Gabon : devenue ultra-minoritaire au sein de l’opposition, l’UN contrainte de se radicaliser pour se faire entendre

Zacharie Myboto, le président de l'Union Nationale (à droite), lors d'un meeting de l'opposition mi-septembre © DR

Lourdement défaite lors des élections législatives et locales d’octobre, l’Union Nationale, qui ne comptera que deux députés dans la nouvelle assemblée, durcit son discours pour tenter de se faire entendre. Au risque de franchir la ligne rouge et de passer de la parole aux actes. 

L’Union Nationale est le grand perdant des dernières élections. Alors que Les Démocrates de Guy Nzouba Ndama enverront 11 députés à l’assemblée nationale, que le Rassemblement Héritage et Modernité de Barro Chambrier limite la casse avec 4 représentants élus, l’UN s’est fait, elle, laminée. Elle devra se contenter d’à peine 2 députés. L’un de ses leaders, Jean Gaspard Ntoutoume Ayi a été sèchement battu dès le premier tour à Akanda. Pour le parti de Zacharie Myboto, la couleuvre est difficile à avaler.

Afin de tenter de faire oublier cette déconvenue et de tourner rapidement la page de ces élections catastrophiques, l’Union Nationale a opté pour la stratégie de la diversion. Lundi 29 octobre, au lendemain du weekend du second tour des législatives, le parti d’opposition allume un contre-feu. Il publie un communiqué sur l’état de santé du président Ali Bongo, actuellement hospitalisé à Ryiad en Arabie Saoudite.

Faire diversion pour faire oublier la lourde défaite électorale

« Il y a une volonté manifeste de la part des dirigeants de l’UN de faire diversion. Cela leur permet de ne pas se livrer à un inventaire sans doute difficile pour eux à supporter. Car leur campagne, manifestement, n’a pas été bonne et les militants ne sont pas contents. Ils pourraient donc demander des comptes », explique un professeur en sciences politique de l’UOB.

En devenant ultra-minoritaire, l’Union Nationale est contrainte de radicaliser son discours pour tenter de se faire entendre. Ce que confirme l’universitaire. « Moins vous êtes nombreux, plus vous devez faire du bruit pour montrer que vous existez. C’est cette stratégie, très banale, qu’utilise l’UN. Et pour cela, elle a une occasion toute trouvée : la santé du président car elle sait que le sujet peut être sujet à polémique », poursuit celui-ci.

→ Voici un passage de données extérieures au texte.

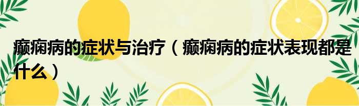 癫痫病的症状与治疗(癫痫病的症状表现都是什么)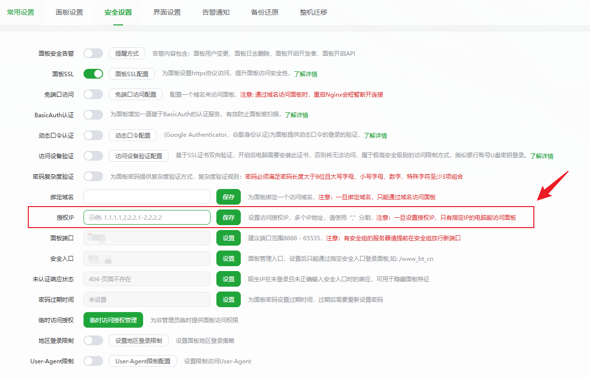 面板设置 → 授权 IP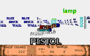 Here’s the latest batch of madness from the TryHard Wolfers. ‘Blazkowicz’s Text Adventure’ eschews formal pixels and instead display every object, wall or enemy as text. Very interesting gameplay. It is possible to toggle between dark mode and light mode. The screenshot below depicts the light mode. DOS only.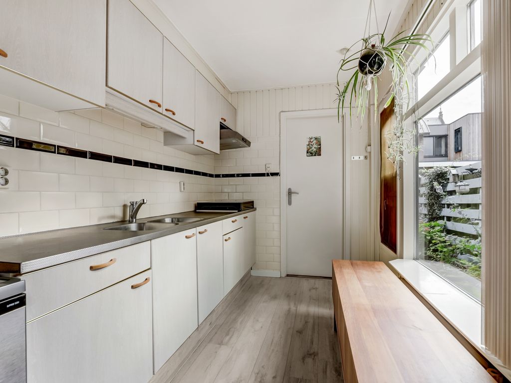 Aan de achterzijde ligt de keuken. Deze is eenvoudig van opzet, maar netjes onderhouden en voorzien van een nieuwe vaatwasser en koelkast (2024) en een inductiekookplaat (met onderliggende gasaansluiting die nog functioneert). Vanuit de keuken is de tuin bereikbaar. Ook vindt u hier het toilet met wastafeltje en raam.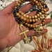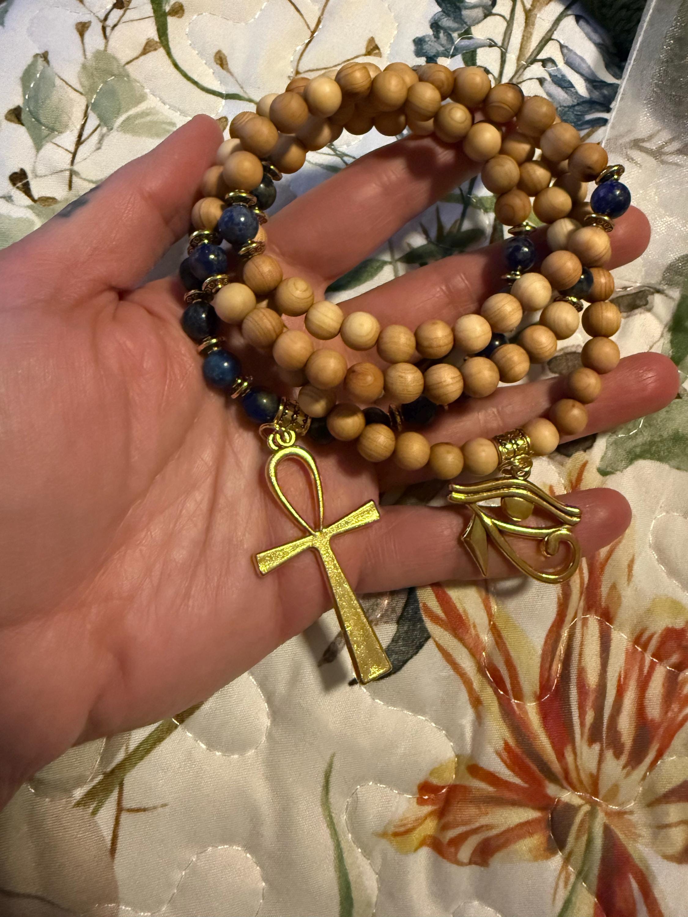 This 108 bead mala necklace is made of Rosewood & Lapis Lazuli with a 2" antique gold ankh cross.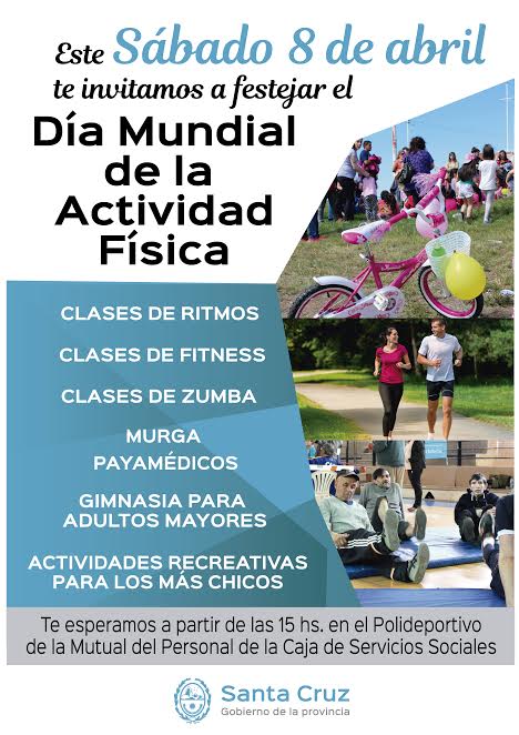 Rio Gallegos | Se llevarn a cabo clases de gimnasia para adultos, clases de zumba, fitness, charlas informativas sobre actividad fsica y alimentacin e implicancias en la Salud a cargo de nutricionistas y entrenadores. Tambin habr stands saludables para que la comunidad pueda vacunarse contra la gripe y los ms chiquitos puedan realizarse controles de peso y talla.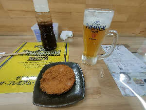 ショーケースは無いが、呑みカウンターはある精肉店。揚げたてのハムカツとビールだよ🥰
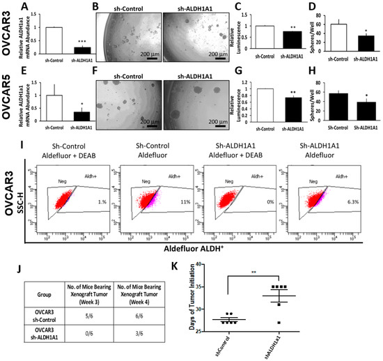 Effects of ALDH1A1 knock down on stemness phenotype. (A) OVCAR3 cells were transfected with nontargeting shRNA (Sh-Control) or shRNA targeting ALDH1A1 (sh-ALDH1A1), and ALDH1A1 knockdown was verified by qRT-PCR. (B,D) Sphere formation in OVCAR3 cells stably transfected with sh-Control and sh-ALDH1A1 and plated under low attachment conditions for six days. Spheres were photographed (100× magnification, B); numbers of live cells were assessed by using the Cell-Titer Glo assay (C), and the numbers of sphere per well were counted (D). (E) OVCAR5 cells were transfected with sh-Control or sh-ALDH1A1 and assessed for ALDH1A1 knockdown by qRT-PCR analysis. (F–H) OVCAR5 cells were plated under low attachment conditions for six days; spheres were photographed (100× magnification, F); numbers of live cells were assessed by using the Cell-Titer Glo assay (G), and the numbers of sphere per well were counted (H). Bars represent averages of triplicate measurements; *** corresponds to p < 0.001; ** corresponds to p < 0.01; * corresponds to p < 0.05. (I) Percentage of ALDH+ cells in sh-Control or sh-ALDH1A1 transfected OVCAR3 cells. (J) OVCAR3 sh-Control and sh-ALDH1A1 were subcutaneously injected into the flanks of nude mice and tumor initiation was assessed; data captures the total number of tumors detectable at week #3 and at week #4. (K) Time to tumor initiation measured in days after subcutaneous injection of sh-Control and sh-ALDH1A1 transfected cells in the flanks of nude mice (n = 6 per group).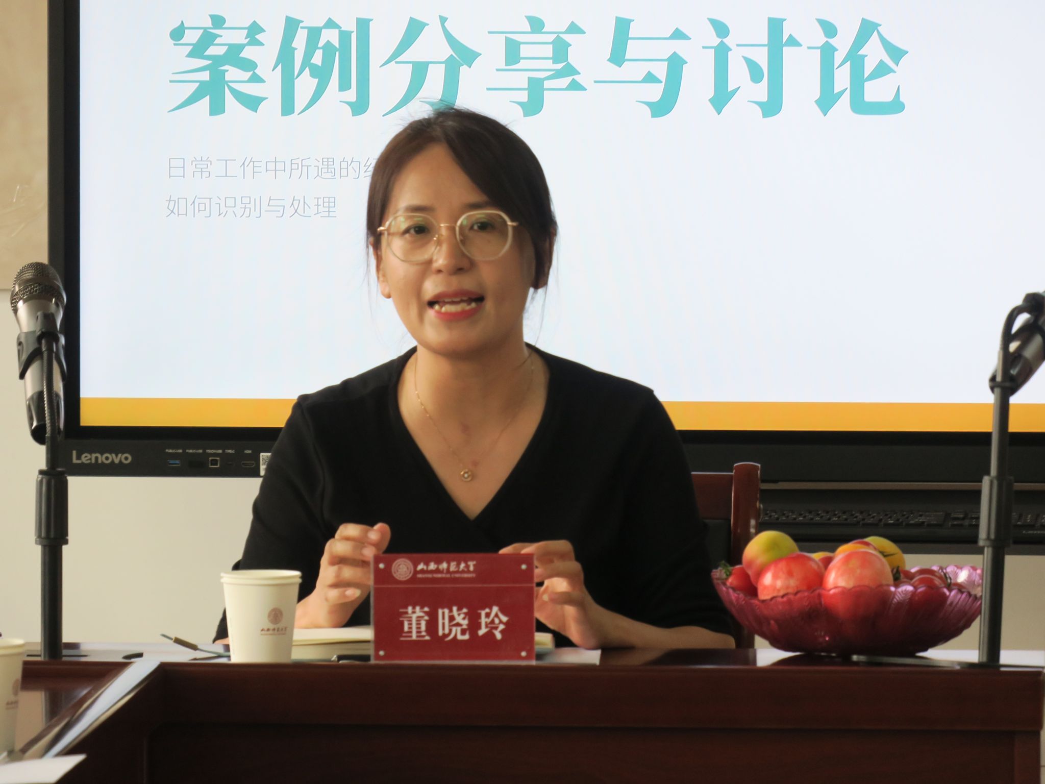 闫丹凤老师做题为《大学生心理问题的识别与干预》的报告,她从目前大学生的心理健康现状展开,详细阐述大学生的心理问题有哪些表现以及如何对大学生心理问题进行干预。各辅导员代表就工作中遇到的特殊学生案例进行了分享,大家共同探讨了针对具体学生心理异常情况的干预和处理等实践措施,在交流中碰撞出思想火花。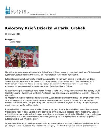 Portal Miasta Miasta Czeladź http://www.czeladz.pl/aktualnosci/index/Kolorowy-Dzien-Dziecka-w-Parku-Grabek/idn:220/printpdf/stg237:3 Kolorowy Dzień Dziecka w Parku Grabek 08 czerwca 2016 kategoria: Aktualności Występ Akademii Wyobraźni Niedzielną imprezę rozpoczęli zawodnicy Klubu Czeladź Biega, którzy przygotowali biegi na zróżnicowanych dystansach, zarówno dla najmłodszych, jak i najstarszych uczestników wydarzenia. Było malowanie buziek, warsztaty z robotyki, przejażdżki na kucykach, zdjęcia w fotobudce. Na dzieci czekały również dmuchańce, tor przeszkód – przygotowany przez Zespół Szkół Ogólnokształcących i Technicznych w Czeladzi. Każda z atrakcji cieszyła się dużym zainteresowaniem, jednak dzieciom wyjątkowo do gustu przypadli animatorzy z Krainy Szczęścia Klauna Feliksa. Na scenie wystąpili zawodnicy Strong House Fitness & Fight Club, którzy zaprezentowali dwa pokazy sztuki Karate Kyokushin i ćwiczenia z kettlebell. Następnie swój bajeczny pokaz przedstawiły tancerki z Akademii Wyobraźni. Po wręczeniu nagród w konkursie fotograficznym „Czeladź w obiektywie młodzieży – co oryginalnego kryje się w naszym mieście”, organizowanego przez Młodzieżową Radę Miasta w Czeladzi pod patronatem Burmistrza Miasta Czeladź, rozpoczął się finał Czeladzkich Talentów. Najlepsi w swojej kategorii wystąpili przed zebraną w parku publicznością. Przez cały dzień przeprowadzano zbiórkę pieniędzy na rzecz Adama Smarzyńskiego, przygotowaną przez Młodzieżową Radę Miasta. Oprócz zbiórki odbyła się również licytację podczas, której mieszkańcy Czeladzi wykazali się ogromną ofiarnością, kupując wszystkie przygotowane przedmioty. Wśród nich obraz autorstwa młodego malarza Janusza Stachowicza, ręcznie szytą lalkę, ręcznie wykonywaną biżuterię, czy płytę z autografami Big Cyc „Wiecznie żywi”. Na zakończenie tego niezwykle radosnego dnia, wystąpiła gwiazda młodego pokolenia Sylwia Lipka, która po udanym koncercie jeszcze długo rozdawała autografy i robiła sobie zdjęcia z licznym gronem fanów. Dzień Dziecka w Parku Grabek 7 czerwiec 2016 3 zdjęć Dzień Dziecka w Parku Grabek Dzień Dziecka w Parku Grabek Dzień Dziecka w Parku Grabek Dzień Dziecka w Parku Grabek Kolorowy Dzień Dziecka w Parku Grabek - strona 1 Kolorowy Dzień Dziecka w Parku Grabek - strona 2 Kolorowy Dzień Dziecka w Parku Grabek - strona 3

Depuis la publication de ce communiqué, le parti de Zacharie Myboto a été très critiqué, dans les rangs de la majorité mais aussi dans ceux de l’opposition. « On peut être en désaccord politique avec le président. Mais profiter de cet événement malheureux pour tenter de mettre le feu aux poudres afin de se refaire une santé politique après une lourde défaite électorale, c’est proprement irresponsable. Moi, je ne mange pas de ce pain-là », confie l’une des grandes figures de l’opposition qui souhaite ne pas être mêlé à cette initiative.

De la parole aux actes

Plus grave, en radicalisant son discours, l’UN prend le risque de radicaliser ses militants.  Une ligne rouge qui a été franchie pas plus tard que le 27 octobre au soir, après la fermeture des bureaux de vote lors du second tour des législatives. Le conseiller départemental de l’Okano, Andrew Crépin Gwodog, a été victime d’une agression physique et verbale. Ce membre du PDG, le parti au pouvoir, a été attaqué par des militants de l’Union nationale (UN) alors qu’il se trouvait à la mairie de Mitzic.

« Lors de l’attente des résultats du 2ème tour des élections législatives, discutant avec le préfet de la situation du bureau de vote d’Ayane, un militant de l’UN nous a reconnu et a commencé à nous agresser verbalement, puis une vingtaine de militants sont arrivés, plus violents, et s’en sont pris à ma personne et au préfet de l’Okano. Nous avons trouvé refuge dans nos véhicules et dû nous éloigner de ce lieu, car n’étant plus en sécurité », a raconté Andrew Crépin Gwodock, qui s’est confié à nos confrères de Gabonrewiew.

« Ils ont menacé de me tuer, me brûler vif et incendier tous mes biens dans l’Okano et s’en prendre aux miens. J’ai immédiatement informé le commandant de brigade de Mitzic et le gouverneur de la province. Quatre militaires ont été dépêchés à ma résidence pour des raisons de sécurité et y ont dormi », a précisé celui qui fut le coordonnateur de la campagne du Parti démocratique gabonais (PDG), dans le deuxième siège de la commune de Mitzi.

Des affirmations confirmées par de plusieurs témoins et corroborées que par de nombreux indices matériels (photos et vidéos) transmis à la police qui poursuit son enquête.